ROLE OF THE BOARD OF DIRECTORS
The Board of Directors (“the Board”) is elected by the shareholders and is charged with the responsibilty of overseeing SCANA’s business which is conducted by the officers, managers and employees, under the direction of the Chief Executive Officer (“CEO”). The Board selects the CEO and acts as advisor and counselor to the CEO in monitoring the performance of the management team to enhance the long-term value of SCANA Corporation for its shareholders.
RESPONSIBILITIES OF THE BOARD OF DIRECTORS
The Board performs the following functions in addition to its general oversight role described above:
- reviews, oversees and approves fundamental financial and business strategies and major corporate actions;
- reviews and assesses identified major risks facing SCANA and the alternatives for their mitigation;
- approves and maintains a succession plan for the CEO, senior executives, and other senior leaders;
- reviews the CEO’s performance toward accomplishing the objectives of the strategic and business plans; and
- reviews with the CEO his annual assessment of senior management and other senior leaders.
FUNCTIONING OF THE BOARD
The Board has a minimum of four scheduled meetings each year at which it reviews and discusses materials provided to Directors prior to the meetings, including materials regarding the performance of SCANA in implementing its long-range strategic plan, goals and objectives and any immediate issues before SCANA. In addition to the regularly scheduled board meetings, the Board generally meets in one or more strategy sessions during each calendar year. Directors are expected to attend all scheduled board and committee meetings and to review in advance of the meeting all provided materials. Directors are also expected to attend all annual meetings of shareholders.

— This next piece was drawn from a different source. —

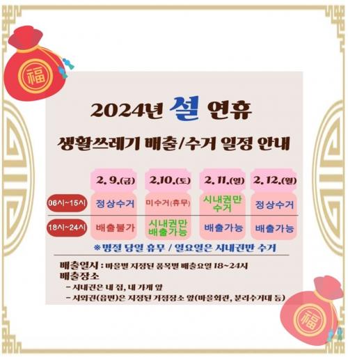 ¼³ ¿¬ÈÞ(2.9.~2.12.)¿¡´Â ½Å¼ÓÇÑ ¹Î¿ø 󸮸¦ À§ÇØ Ã»¼Ò»óȲ½ÇÀ» ¿î¿µÇØ ½Ã¹ÎÀÌ ºÒÆíÇÏÁö ¾Êµµ·Ï ÃѰý ´ëÀÀÇϰí, Æó±â¹° ¼Ò°¢½Ã¼³ ¹× Á÷¿ø ÈÞ¹«·Î ÀÎÇØ ¸íÀý ´çÀÏ(2.10.)Àº ¹Ì¼ö°ÅÇϰí ÀÏ¿äÀÏ(2.11.)Àº ½Ã³»±Ç¸¸ ¼ö°ÅÇÔ¿¡ µû¶ó ¹èÃâÀÏÀ» ÁؼöÇÒ ¼ö ÀÖµµ·Ï ½Ã¹Îµé¿¡°Ô È«º¸ÇÒ °èȹÀÌ´Ù.

- It is the policy of SCANA that the positions of Chairman of the Board and Chief Executive Officer be held by the same person. SCANA has operated in this manner very successfully over many years.
- The Chairman of the Board and Chief Executive Officer ("Chairman and CEO") sets the agenda for Board meetings with the understanding that certain items pertinent to the advisory and monitoring functions of the Board should be brought to it periodically for review and/or decision. Agenda items that fall within the scope of responsibilities of a Board committee are discussed by the Chair of that committee. Any member of the Board may request that an item be included on the agenda.
- Board materials related to agenda items are provided to Board members sufficiently in advance of Board meetings to allow the Directors to prepare for discussion of these items at the meeting.
- At the invitation of the Board, members of senior management recommended by the Chairman and CEO attend Board meetings or portions thereof for the purpose of participating in discussions. Generally, presentations of matters to be considered by the Board are made by the manager responsible for that area of SCANA’s operations. In addition, the Board has free access to all other members of management and employees of SCANA, and, as necessary and appropriate, the Board may consult with independent legal, financial and accounting advisors to assist with respect to its duties to SCANA and its shareholders.
- Meetings of independent Directors without management present are held regularly (at least four times a year) and additionally to review the report of the independent registered public accounting firm, the criteria upon which the performance of the Chairman and CEO and other senior managers are based, the performance of the Chairman and CEO against such criteria, the compensation of the Chairman and CEO and other senior managers, and other relevant matters.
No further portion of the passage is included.